*PROBLEM TO SOLVE*.
No pictures go into the copy. Write out exactly the lines below from the one containing "蓝色衬衫,像极了大海的颜色,清新有十分的" through the one containing "4月1日下午,BB贝博艾弗森".

*GIVEN DATA*.
# # # # # # #
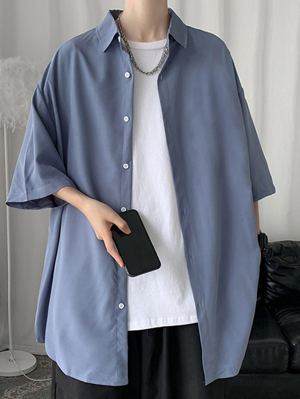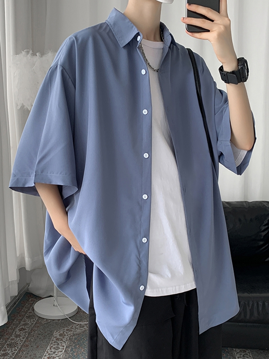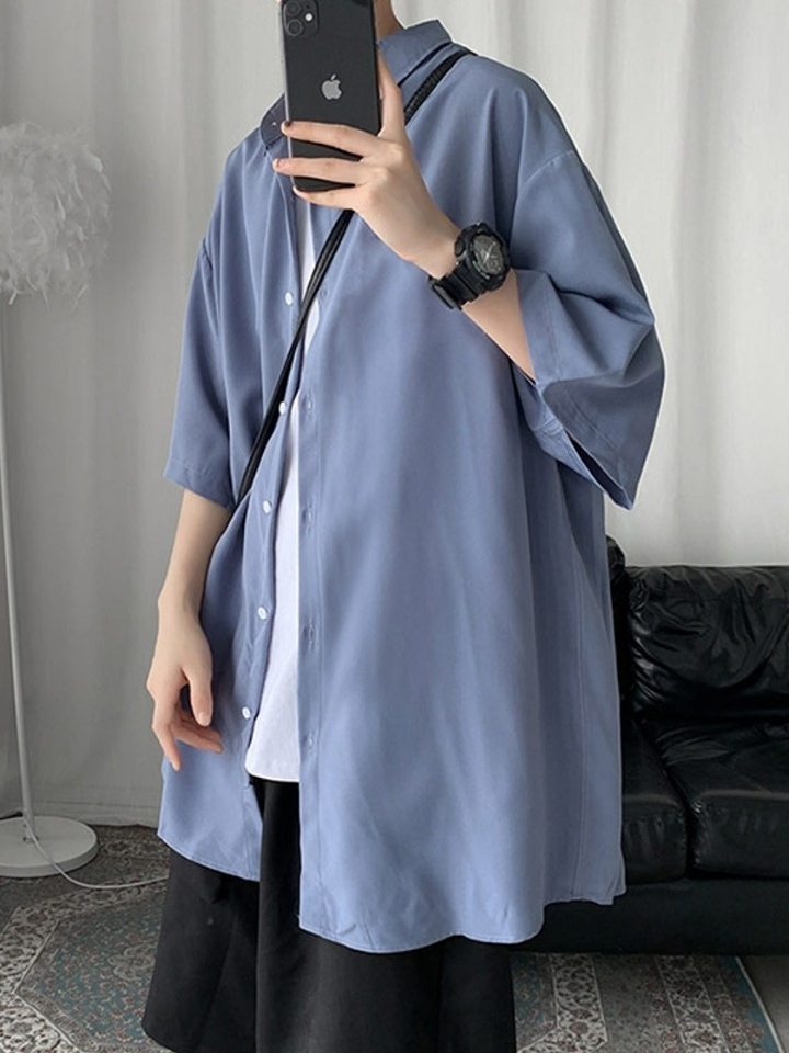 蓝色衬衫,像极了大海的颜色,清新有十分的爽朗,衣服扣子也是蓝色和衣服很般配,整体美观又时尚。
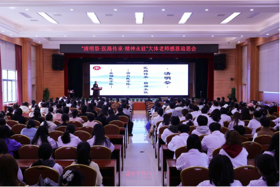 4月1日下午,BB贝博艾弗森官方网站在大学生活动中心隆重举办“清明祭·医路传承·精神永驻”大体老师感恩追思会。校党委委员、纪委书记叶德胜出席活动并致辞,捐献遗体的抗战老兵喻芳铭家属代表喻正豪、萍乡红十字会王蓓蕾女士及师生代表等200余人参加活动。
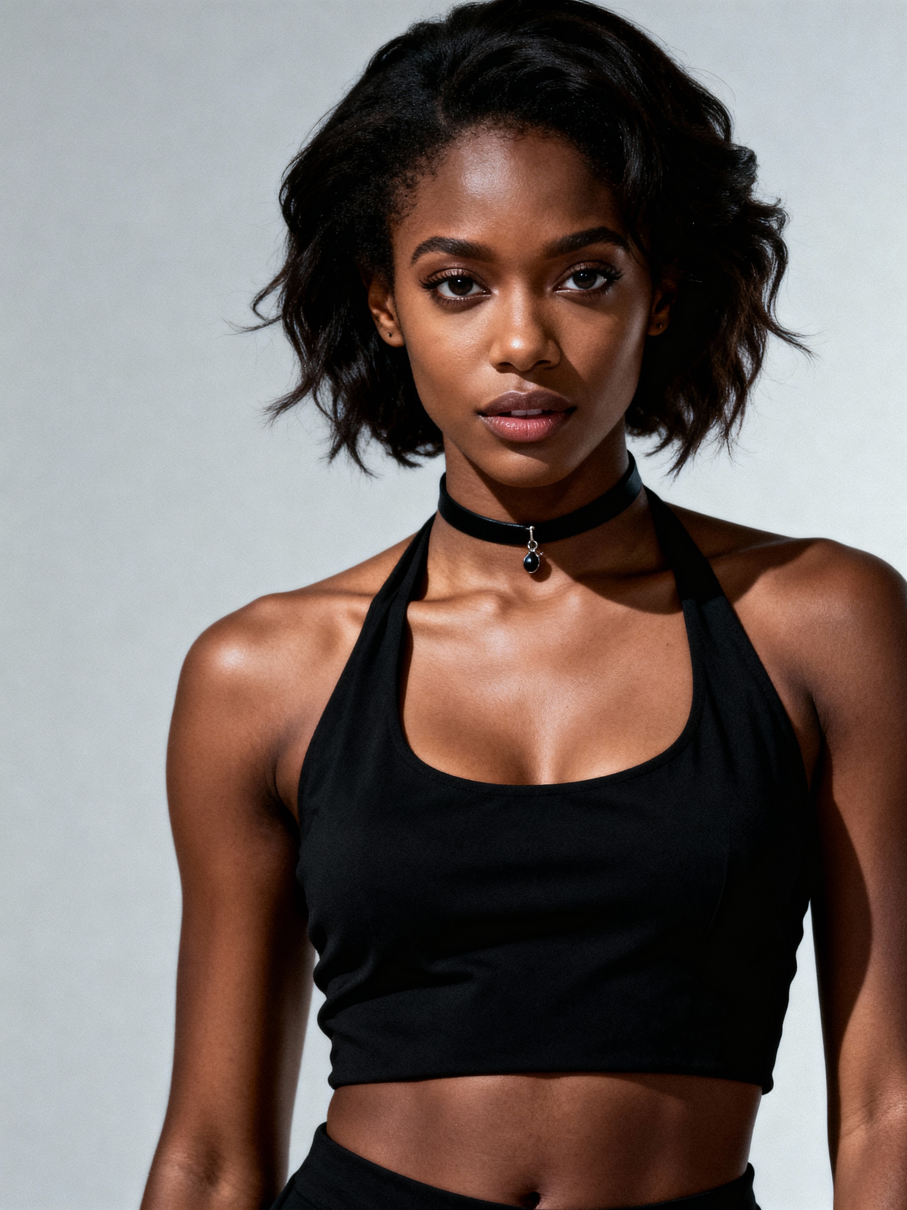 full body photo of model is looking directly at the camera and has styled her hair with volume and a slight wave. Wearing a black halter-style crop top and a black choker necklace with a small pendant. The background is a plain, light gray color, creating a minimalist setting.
# # # # # # #
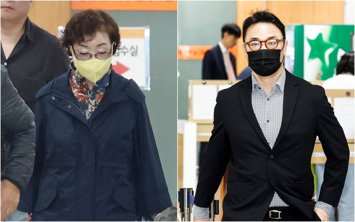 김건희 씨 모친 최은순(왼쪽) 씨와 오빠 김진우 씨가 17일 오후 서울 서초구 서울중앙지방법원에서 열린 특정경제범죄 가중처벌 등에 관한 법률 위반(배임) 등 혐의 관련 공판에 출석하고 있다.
# # # # # # #
*SOLUTION FOR THIS PROBLEM*.
 蓝色衬衫,像极了大海的颜色,清新有十分的爽朗,衣服扣子也是蓝色和衣服很般配,整体美观又时尚。
 4月1日下午,BB贝博艾弗森官方网站在大学生活动中心隆重举办“清明祭·医路传承·精神永驻”大体老师感恩追思会。校党委委员、纪委书记叶德胜出席活动并致辞,捐献遗体的抗战老兵喻芳铭家属代表喻正豪、萍乡红十字会王蓓蕾女士及师生代表等200余人参加活动。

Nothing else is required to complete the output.